Art view


By Paulette Thenhaus


Landscapes over time


Natural time isn’t controlled by a clock, yet an observant eye can perceive its passing. It takes an artist such as Fred Jones to record it aesthetically for our contemplation. He does so by following his natural subjects: landscapes, trees and flowers, through temporal changes. He uses both painting and digital photography to record his impressions over time and often incorporates both in his final image. He regularly uses innovative grid structures both in creating and presenting his work.

In “Dandelion Time,” Jones “frames” time by both shooting digital images sequentially, literally a “frame” at a time, and then framing each resulting image. Here, ten framed images document the growth of the dandelion. They circle the periphery of the central image, a painted sunset sky with floating dandelions, “which are on a journey of rebirth.” Rarely do photographed and painted images relate so well to each other as they do within this grid system of frames, now a signature format of Fred Jones’ landscapes.

 “Daytime,” 30” x 74,” is a simpler installation, read from top to bottom, but just as effective in conveying time’s journey. Twelve long, narrow, panoramic paintings show twelve consecutive hours, sunrise to sunset. It is reminiscent of Monet’s haystacks, but is a series of twelve paintings displayed as one day and one work. Sensitive to subtle changes of color, objects and vegetation are accented in one painting, then disappear in another as day journeys into night. No digital camera is used here. It takes a perceptive eye and master painter such as Fred Jones to capture all the nuance of changing light.

In one of the largest exhibits, 64” x 64,” “Flower Time,” full-framed photographs of flowers, at the height of their beauty, open in sensuous color. Frames in more than one color emphasize and attract our eyes to different sections which appears to be a color-coded garden.

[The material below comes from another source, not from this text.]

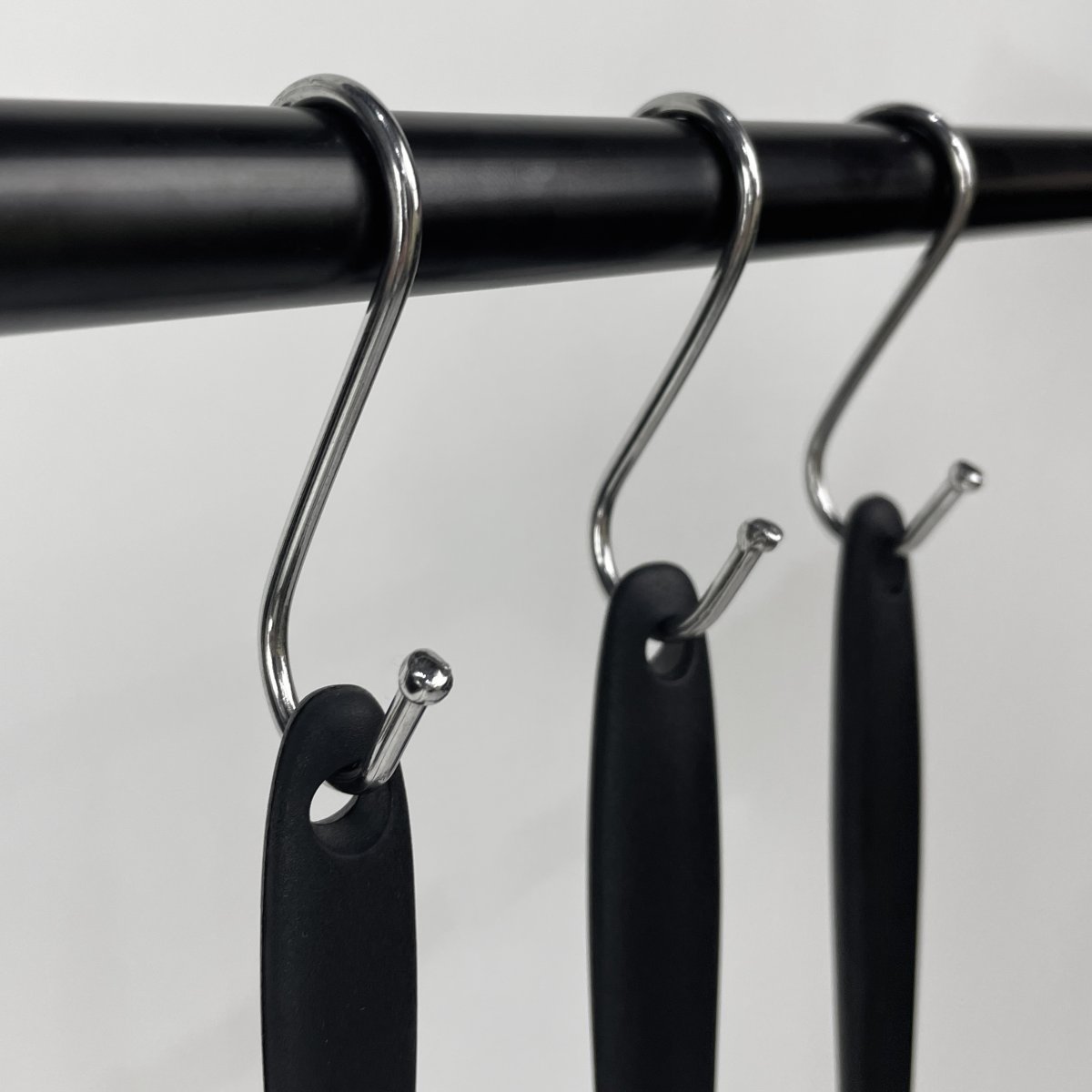 Door de S-vorm van deze haakjes kun je de haken op diverse plekken in huis integreren. Gebruik ze bijvoorbeeld in de badkamer als handdoekhaakjes, op de slaapkamer om een badjas aan op te hangen en in de keuken om spatels aan op te hangen. Je combineert de haken met een rail naar keuze om zo een praktisch opbergsysteem te creëren. Je bepaalt zelf hoeveel haken je gebruikt, waardoor je het systeem helemaal naar eigen wens kunt inrichten. En heb je op een later moment toch meer haakjes nodig? Dan hang je er gemakkelijk nog eentje bij.

The artist states that one of his ideas here relates to the moment of pollination. Amazingly, while photographing the last plant, the last second before the shutter closed, a butterfly, the disseminator of pollen, landed within the frame. Nature has provided Jones with many “Ah–ha” moments that couldn’t be planned.

Another moment of surprise was when a hundred-year-old-plus tree Jones had photographed in every season over a period of a year, was struck down by lightening. Without staging it, “Tree Time” became a photo study of the last year in the life of a noble tree. The very title makes one imagine how a tree experiences time differently than by counting calendar days.

Among my favorites is “Healing Time.” Jones calls it “a tribute to the way the healing process goes on in small and large environments on both our planet and the solar system. Digital images of old and new tree scars surround a painting that glows like a hot star.

 “Landscapes Over Time” is an excellent exhibit to jog the viewer to think more deeply about the landscape he/she passes on the way to a fully scheduled day. After all, none of the landscapes on view is further than a few miles of the artist’s home. Many are photographed from his own backyard in western Illinois. If we want nature to survive in the 21st century we have to pay attention to it and all that it evokes...give it the time of day, so to speak, in our everyday lives. Fred Jones certainly has.

 “Landscapes Over Time” remains on view at the Galesburg Civic Art Center, 114 E. Main Street, Galesburg, till July 21st. For hours call: (309) 342-7415.


About artist Fred Jones


Fred Jones earned a National Diploma in Design in 1961 from Cardiff College of Art in Wales, Great Britain (his birthplace), plus an Art Teachers Diploma from the University of Wales in 1962. In 1965, he earned a Master of Education degree from the University of Pittsburgh. In 1970-1971 he attended the University of Wisconsin in Madison, completing a Master of Fine Art degree specializing in the print technique of silkscreen. In 1979, while on sabbatical leave, he attended Atelier 17 in Paris (where he met and became friends with the late Clare Smith of Galesburg) and the Print Workshop in London. In 1987, he returned to the University of Wisconsin as an Honorary Fellow to study Computer Mediated Art.

He joined the Western Illinois University art faculty in 1968 as an instructor in Art Education, Design, and Drawing after teaching for two years at Chester College of Art in England. In 1969, he was appointed Gallery Director and continued in this position for two years. Jones developed the Silkscreen and Computer Generated Art programs. He has received many awards of distinction, including W.I.U. Faculty Lecturer of the year in 1995 and was awarded the rank of Distinguished Professor in 1999. He retired in 2000.

Since coming to Illinois in 1968, Jones has won numerous awards in national and regional exhibitions and has been the recipient of six commissions from Illinois Percentage for Art Program for his landscape artworks for public buildings. He has works in various public and private collections in the U.S. and the U.K.